For now, the UC remains test-free for admissions. SAT and ACT scores are not used to decide who gets admitted or who receives scholarships. Nothing has changed for students applying to the UC right now.
But the testing debate is back, and families should pay attention. More than 1,400 UC faculty members have signed a letter asking the UC to reinstate SAT or ACT math scores for STEM applicants. At the same time, the UC’s admissions policy committee is formally reviewing whether standardized testing should return in some form.
The Problem
I have been saying for quite some time that standardized testing is likely to come back eventually. Not because the SAT is perfect (it definitely is not). But because colleges need some way to check whether grades, course titles, and transcripts reflect real academic readiness.
That has become harder as grade inflation has increased and grading standards vary widely from one high school to another. An A in Precalculus at one school may not mean the same thing as an A in Precalculus somewhere else. Some schools offer generous grading, retake policies, weighted grades, or accelerated course labels that make students look highly prepared on paper, even when their underlying skills are uneven. Colleges need a way to compare students across very different schools, grading systems, and academic contexts.
For current applicants, the answer is simple. The UC has not brought back the SAT and is still test-blind.
For younger students, especially the high school Class of 2029 and below, the answer is more complicated: some kind of standardized readiness check may return by the time they apply. It may be the SAT, ACT, California’s 11th-grade Smarter Balanced test, a UC-specific readiness index, or different tools for different students. Here is what you need to know, what the timeline actually says, and how students should plan now.
Why Is This Happening?
In an open letter, over 1,400 UC faculty members are warning that too many students are arriving at UC campuses without the math foundation needed for college-level STEM courses. However, this is not just about students struggling in Calculus. The concern is more basic: some students are arriving with gaps in Algebra, fractions, arithmetic, and middle-school-level math skills, even though their high school transcripts show strong grades and advanced math courses.
That is exactly what I wrote about in my earlier article, The College Math Crisis: A’s in Calculus, F’s in Fractions. UC San Diego found that its remedial math enrollment had exploded, and that many students who placed into pre-college math had earned excellent grades in high school math. Some had even taken Precalculus or Calculus.

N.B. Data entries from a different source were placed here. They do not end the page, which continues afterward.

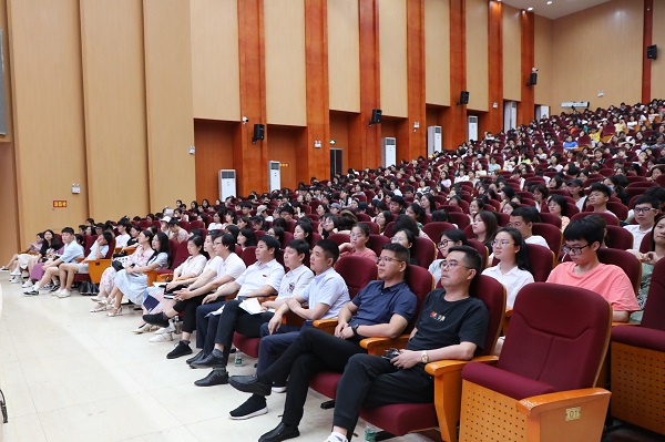 6月14日晚19:00至21:00,校党委书记罗成翼在东方红校区田汉剧场开讲千人思政大课堂,为来自各个学院的千余名学生代表和部分教师专题讲授“中国共产党为什么能”。活动由校党委委员、副校长周发明主持。校党委委员、宣传部部长赵小群,长沙南方职业学院党委书记任晓晴,学生工作处处长陈志武、教务处处长胡春光、马克思主义学院党总支书记欧阳斐、副院长钟佩君、现代教育技术与网络中心主任朱承学、人事处副处长巢卫平到现场学习。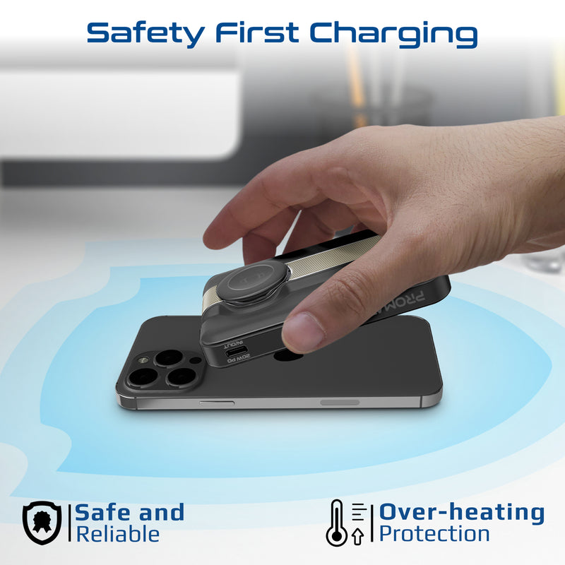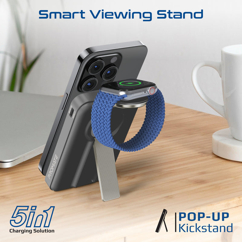 Promate 10000mAh Ultra-Compact 3 in 1 MagSafe Compatible Wireless Charging Power Bank 15W MagSafe Compatible Charger - Black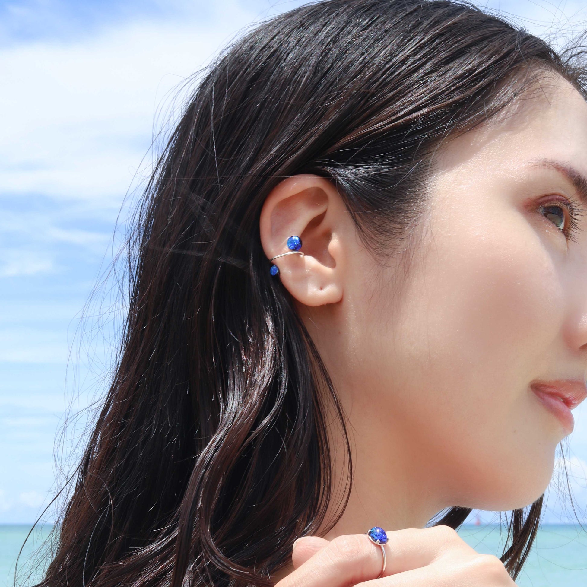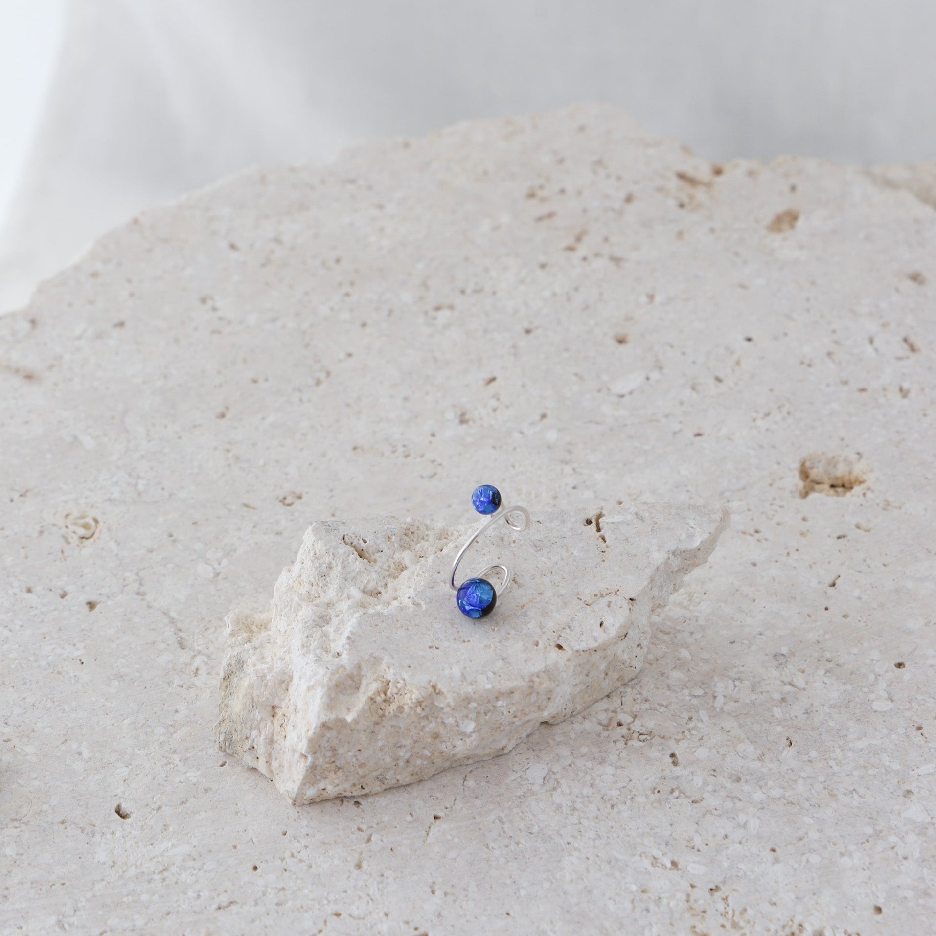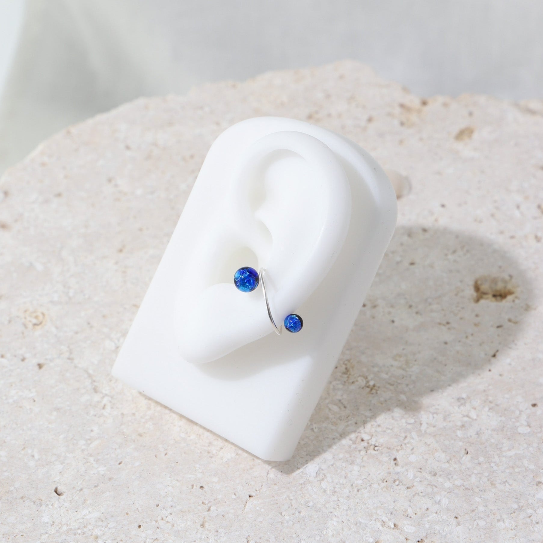 サイズの異なるホタルガラスをあしらった小ぶりでさりげない存在感のあるイヤーカフ。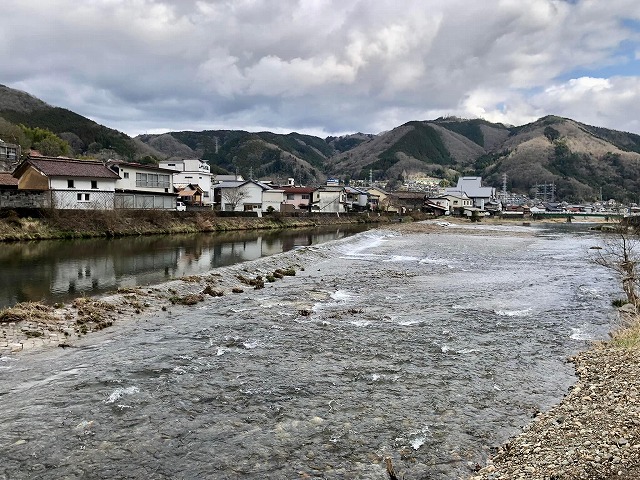 新見市街地「江道橋」下の高梁川、浚渫工事が完了しています。ありがとうございました。

That is the real problem. If a transcript says “A in Calculus,” but the student cannot reliably handle fractions or Algebra, colleges have a readiness problem. And students pay the price when they are admitted into majors where they are not prepared to succeed.
What Is the UC Doing?
The UC has not changed its admissions policy. What the UC has done is launch a formal review of two separate issues:
Standardized testing: The UC will study whether standardized tests should be used again in first-year admissions, and if so, which tests.
A-G course requirements: The UC will separately review whether its required high school courses still prepare students well enough for college-level work.
These are related, but they are not the same project. The testing review is the one getting the headlines but the A-G review may end up mattering just as much.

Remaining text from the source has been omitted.